In the records below, find the line with "Ce bien immobilier", then copy each line exactly until you have copied the line with "またインプラント症例①でも行". Leave any picture out.

- _DATA FOR REVIEW_:

= = = = =

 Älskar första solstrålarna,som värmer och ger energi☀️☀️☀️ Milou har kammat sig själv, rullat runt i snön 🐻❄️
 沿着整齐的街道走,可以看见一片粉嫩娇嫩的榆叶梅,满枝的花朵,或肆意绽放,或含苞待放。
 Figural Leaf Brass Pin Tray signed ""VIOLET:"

= = = = =

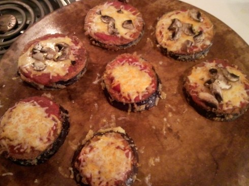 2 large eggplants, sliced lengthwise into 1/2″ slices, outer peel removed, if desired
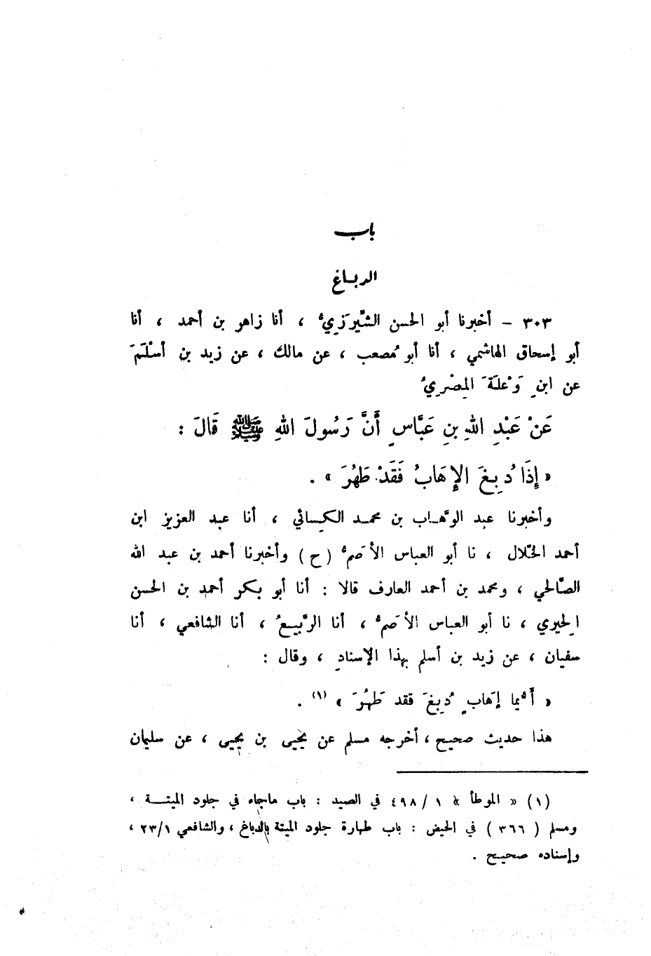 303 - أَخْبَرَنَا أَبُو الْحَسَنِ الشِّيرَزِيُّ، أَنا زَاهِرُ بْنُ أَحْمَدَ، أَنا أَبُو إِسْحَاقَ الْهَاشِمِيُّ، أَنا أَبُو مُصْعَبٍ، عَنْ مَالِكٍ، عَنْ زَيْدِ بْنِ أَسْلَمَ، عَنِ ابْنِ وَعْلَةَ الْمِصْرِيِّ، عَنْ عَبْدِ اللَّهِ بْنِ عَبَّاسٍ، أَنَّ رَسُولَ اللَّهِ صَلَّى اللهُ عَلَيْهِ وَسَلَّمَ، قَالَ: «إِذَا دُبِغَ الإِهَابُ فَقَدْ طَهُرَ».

= = = = =

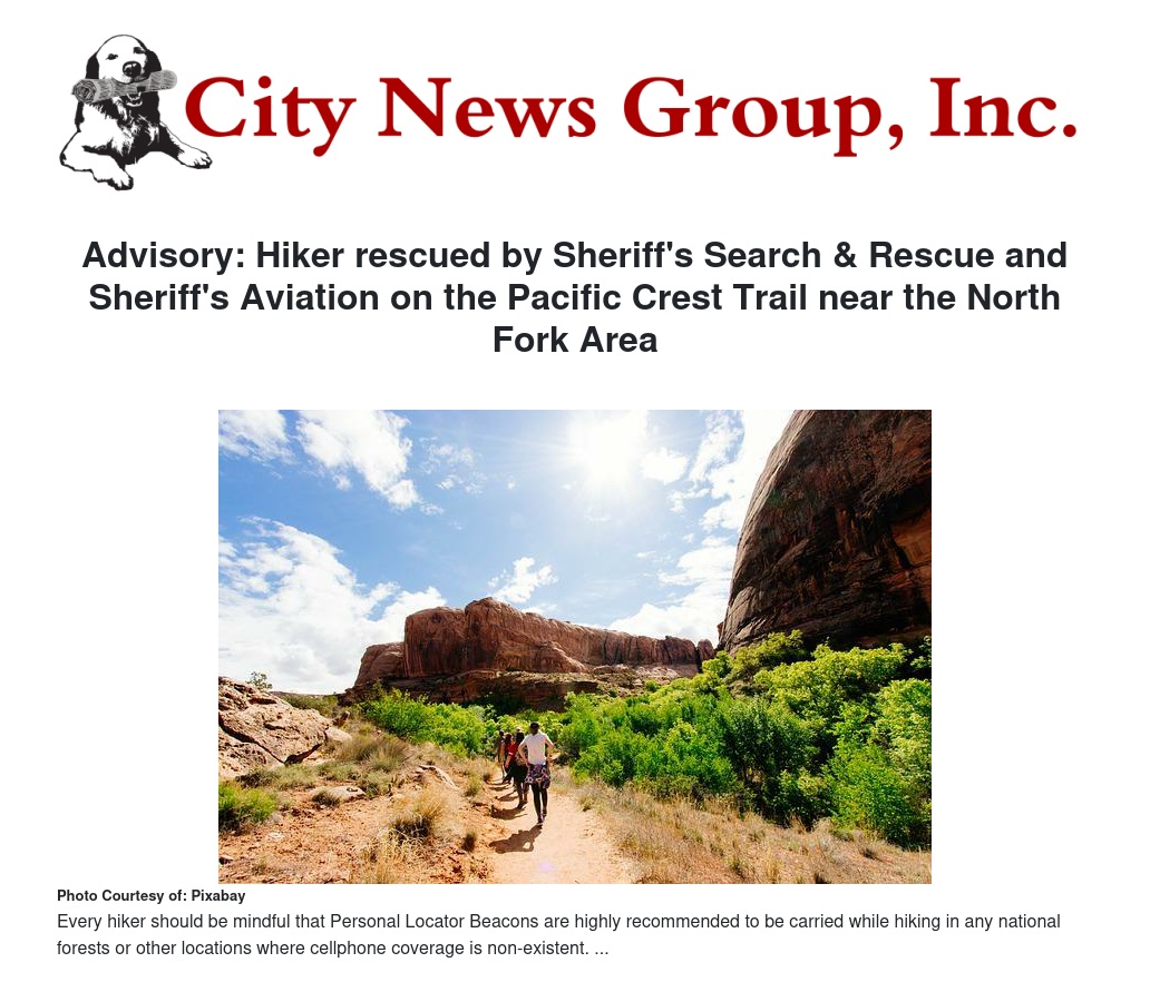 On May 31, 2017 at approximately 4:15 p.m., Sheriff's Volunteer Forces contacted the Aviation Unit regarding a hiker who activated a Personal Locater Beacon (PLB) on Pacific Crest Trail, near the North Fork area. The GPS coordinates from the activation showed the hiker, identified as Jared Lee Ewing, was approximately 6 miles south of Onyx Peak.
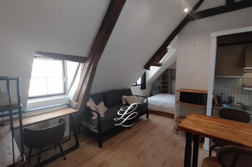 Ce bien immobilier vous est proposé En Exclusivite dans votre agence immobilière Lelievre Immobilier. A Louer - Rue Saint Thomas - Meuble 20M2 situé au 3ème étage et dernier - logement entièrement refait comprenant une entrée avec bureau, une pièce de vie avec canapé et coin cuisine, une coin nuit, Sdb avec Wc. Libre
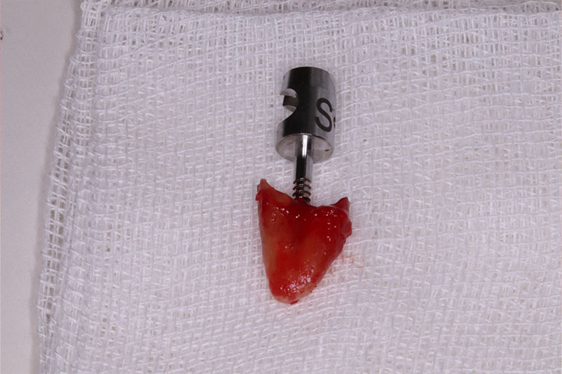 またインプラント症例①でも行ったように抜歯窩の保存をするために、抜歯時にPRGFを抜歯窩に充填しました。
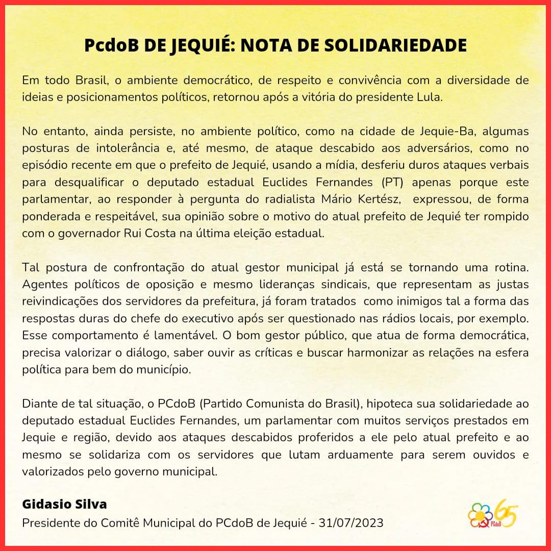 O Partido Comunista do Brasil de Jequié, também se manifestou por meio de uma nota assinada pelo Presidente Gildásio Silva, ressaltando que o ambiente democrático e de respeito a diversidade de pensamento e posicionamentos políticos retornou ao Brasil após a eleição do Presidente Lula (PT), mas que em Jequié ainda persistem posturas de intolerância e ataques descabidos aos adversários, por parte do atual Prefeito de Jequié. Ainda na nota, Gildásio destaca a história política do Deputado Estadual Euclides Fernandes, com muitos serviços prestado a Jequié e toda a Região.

= = = = =

- _OUTPUT FOR THIS TASK_:
 Ce bien immobilier vous est proposé En Exclusivite dans votre agence immobilière Lelievre Immobilier. A Louer - Rue Saint Thomas - Meuble 20M2 situé au 3ème étage et dernier - logement entièrement refait comprenant une entrée avec bureau, une pièce de vie avec canapé et coin cuisine, une coin nuit, Sdb avec Wc. Libre
 またインプラント症例①でも行ったように抜歯窩の保存をするために、抜歯時にPRGFを抜歯窩に充填しました。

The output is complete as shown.